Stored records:
[Start of Attachment]
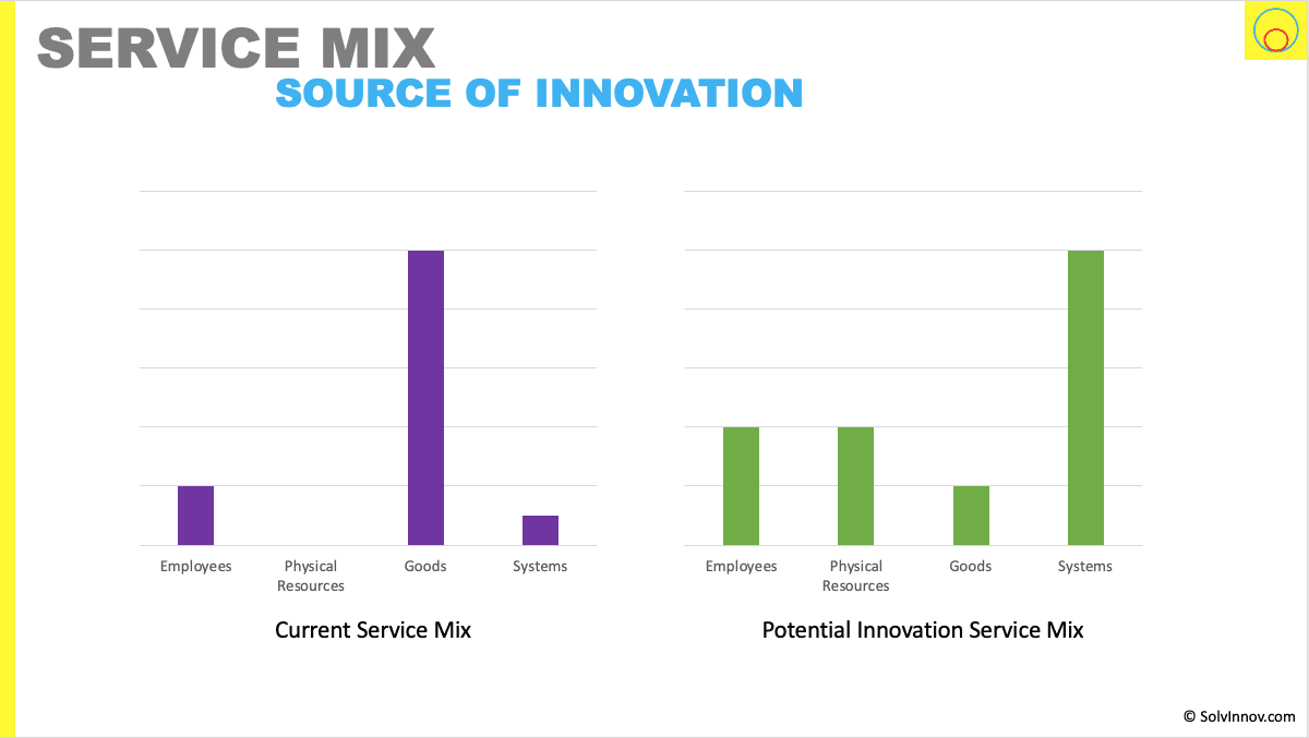 Altering how much provision of each element for any particular service is a source of innovation. You can see this as a toy example in Figure 3. Where we are planning on reducing the focus on goods in the current service mix to one where employees and physical resources play a bigger part. And where systems are much more important.
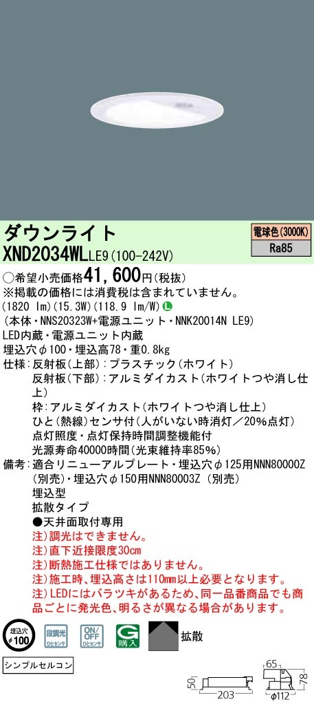 XND2034WLLE9 パナソニック 人感センサー付LEDダウンライト φ100 拡散 電球色
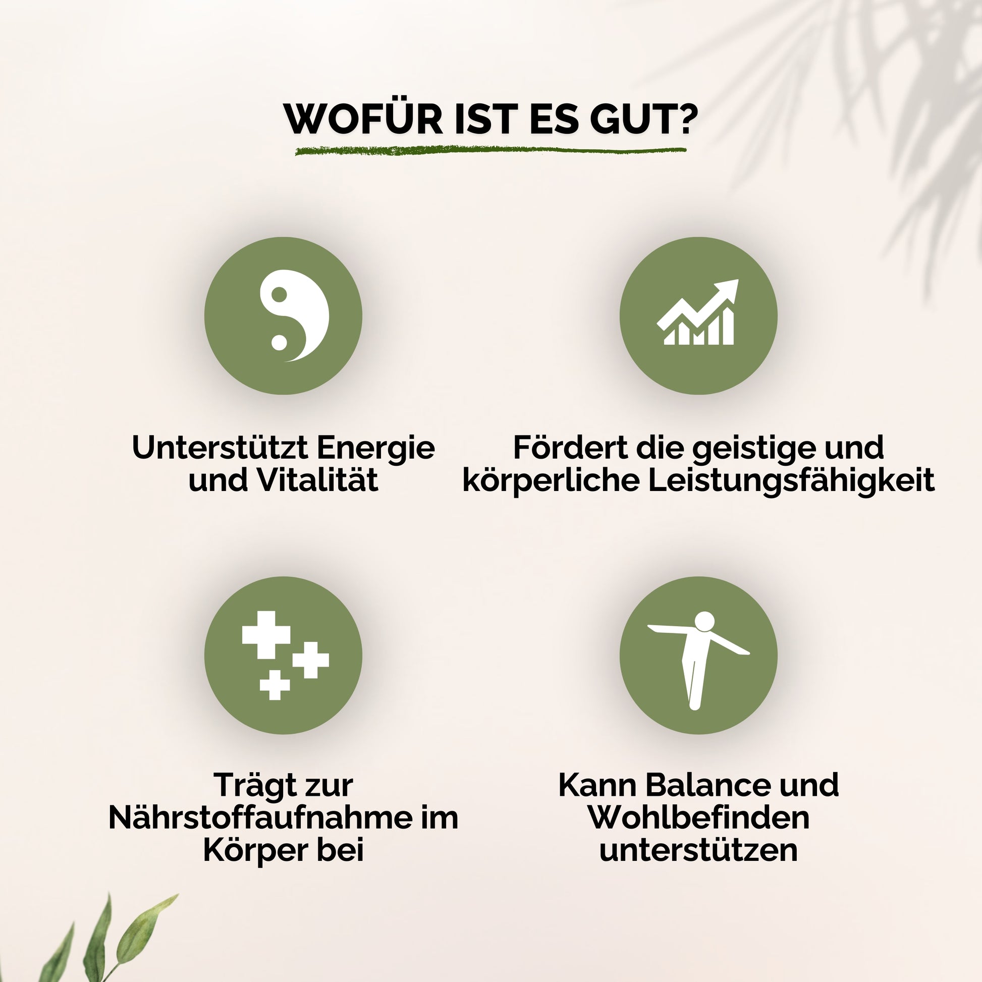 Traditionell eingesetzt für Vitalität, Ausdauer und mentale Klarheit, erhältst du diese Power nun modern verpackt:
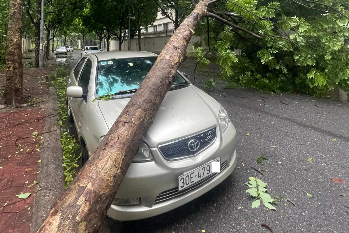 Tại Hà Nội, sức ảnh hưởng của cơn bão số 3 đã làm cho nhiều cây xanh bật gốc, gây tổn hại về người và tài sản. Chỉ trong 2 ngày 6-7/9, tình trạng hàng loạt xe ô tô bị cây đè, cột điện đổ hay bị bảng hiệu rơi trúng đã liên tục được đăng tải trên mạng xã hội.
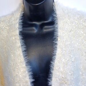Catherine Malandrino Womens XS soft Fuzzy Open Front Cardigan Soft Cream Ivory
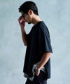 シンプルな無地Tに見えて、裾から覗くメッシュ素材がアクセントになったデザインです。
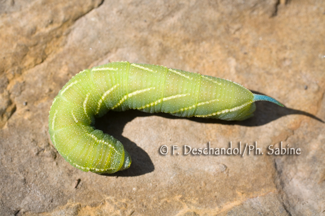 : Sphinx demi-paon (Smerinthus ocellatus ocellatus), chenille 5ème stade, nymphose proche, Vallée d'Hecho, Pyrénées, Espagne.
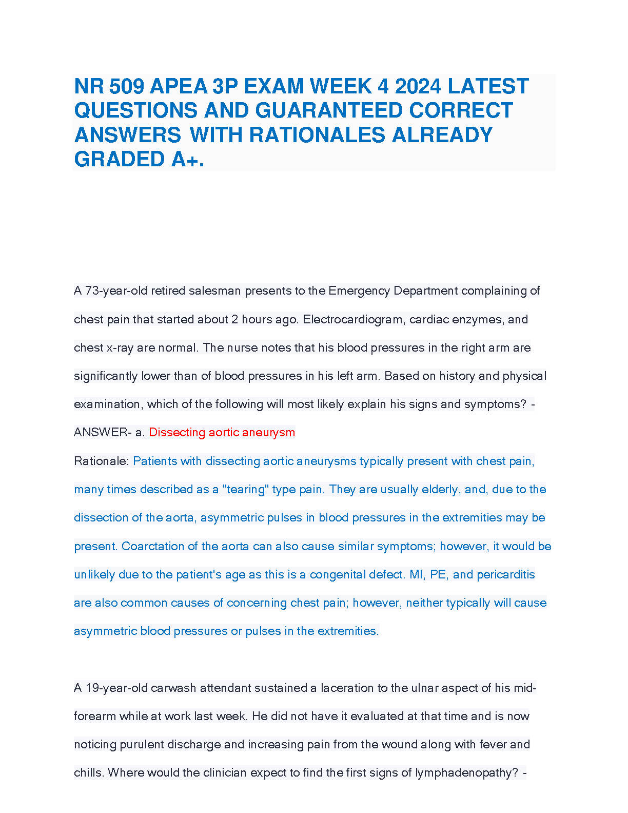 Master your NR 509 APEA 3P Week 4 exam with our comprehensive study guide, fully updated for the 2025/2026 academic year. This resource provides a complete set of the latest exam questions, accompanied by guaranteed correct answers and in-depth rationales that explain the 'why' behind each solution. Designed to help you achieve an A+ grade, this guide is your key to understanding complex clinical scenarios and passing your exam confidently on the first attempt. Avoid the stress of resits and secure your success with this essential study tool.
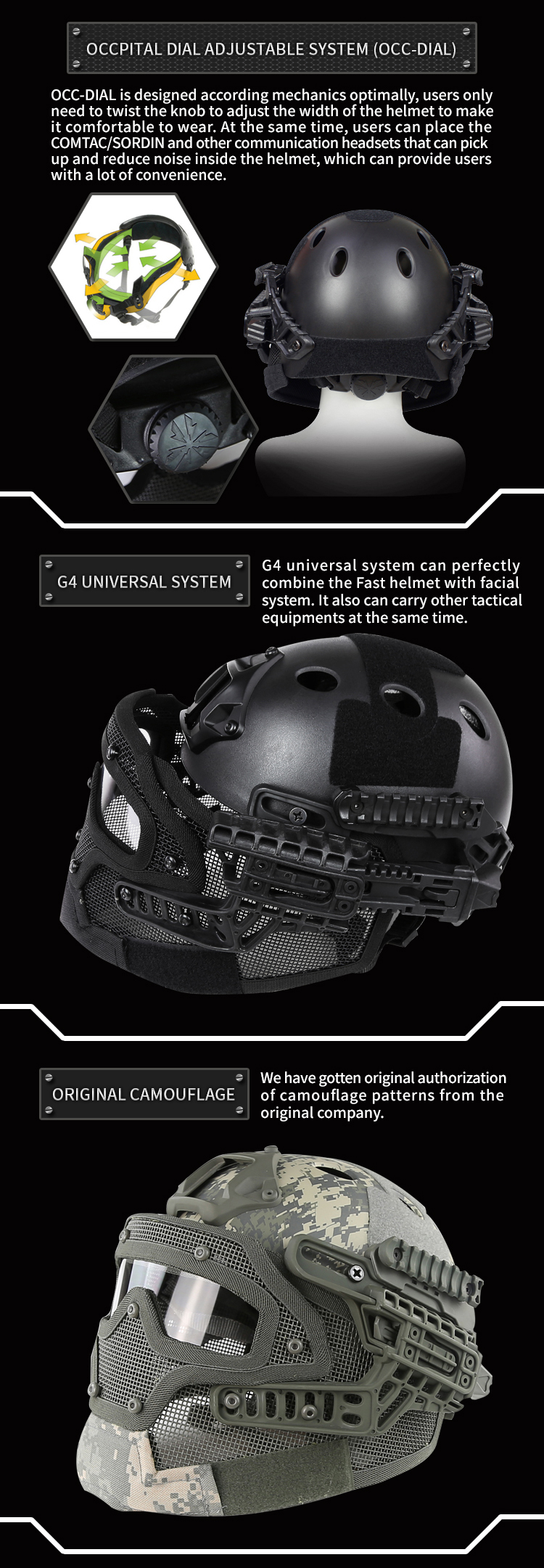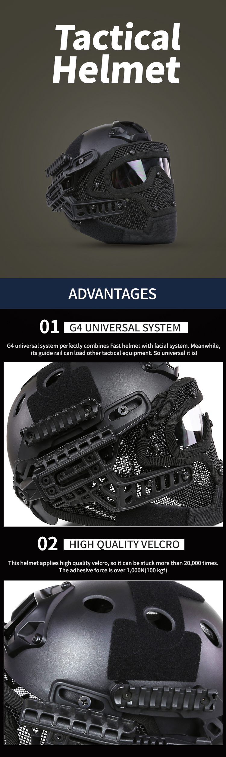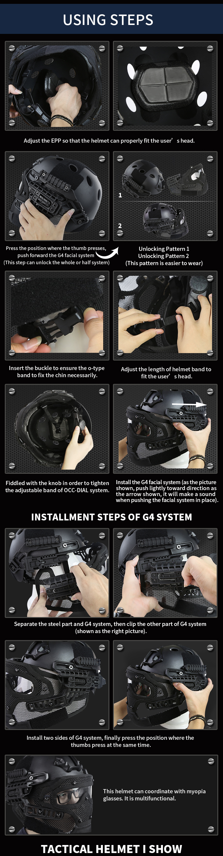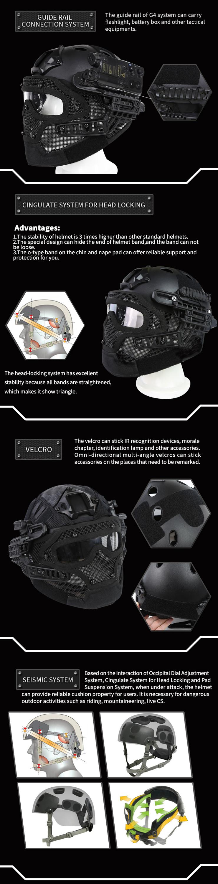 | describe: | One main helmet, one set of accessories, one set of G4 system, one set of facial system |
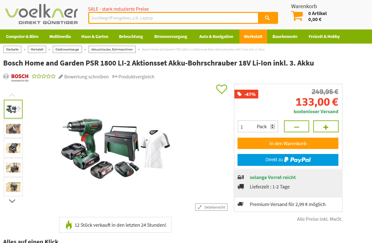 Bei Voelkner: Bosch Home and Garden PSR 1800 LI-2 Aktionsset Akku-Bohrschrauber 18V Li-Ion inkl. 3. Akku für 133 Euro inkl.Versand
[End of Attachment]
• [INSTRUCTIONS FOR THE TASK] Write out each entry word for word, images excluded.

• [PROBLEM SOLUTION]
 Altering how much provision of each element for any particular service is a source of innovation. You can see this as a toy example in Figure 3. Where we are planning on reducing the focus on goods in the current service mix to one where employees and physical resources play a bigger part. And where systems are much more important.
 XND2034WLLE9 パナソニック 人感センサー付LEDダウンライト φ100 拡散 電球色
 Traditionell eingesetzt für Vitalität, Ausdauer und mentale Klarheit, erhältst du diese Power nun modern verpackt:
 Tại Hà Nội, sức ảnh hưởng của cơn bão số 3 đã làm cho nhiều cây xanh bật gốc, gây tổn hại về người và tài sản. Chỉ trong 2 ngày 6-7/9, tình trạng hàng loạt xe ô tô bị cây đè, cột điện đổ hay bị bảng hiệu rơi trúng đã liên tục được đăng tải trên mạng xã hội.
Catherine Malandrino Womens XS soft Fuzzy Open Front Cardigan Soft Cream Ivory
 シンプルな無地Tに見えて、裾から覗くメッシュ素材がアクセントになったデザインです。
 : Sphinx demi-paon (Smerinthus ocellatus ocellatus), chenille 5ème stade, nymphose proche, Vallée d'Hecho, Pyrénées, Espagne.
 Master your NR 509 APEA 3P Week 4 exam with our comprehensive study guide, fully updated for the 2025/2026 academic year. This resource provides a complete set of the latest exam questions, accompanied by guaranteed correct answers and in-depth rationales that explain the 'why' behind each solution. Designed to help you achieve an A+ grade, this guide is your key to understanding complex clinical scenarios and passing your exam confidently on the first attempt. Avoid the stress of resits and secure your success with this essential study tool.
 | describe: | One main helmet, one set of accessories, one set of G4 system, one set of facial system |
 Bei Voelkner: Bosch Home and Garden PSR 1800 LI-2 Aktionsset Akku-Bohrschrauber 18V Li-Ion inkl. 3. Akku für 133 Euro inkl.Versand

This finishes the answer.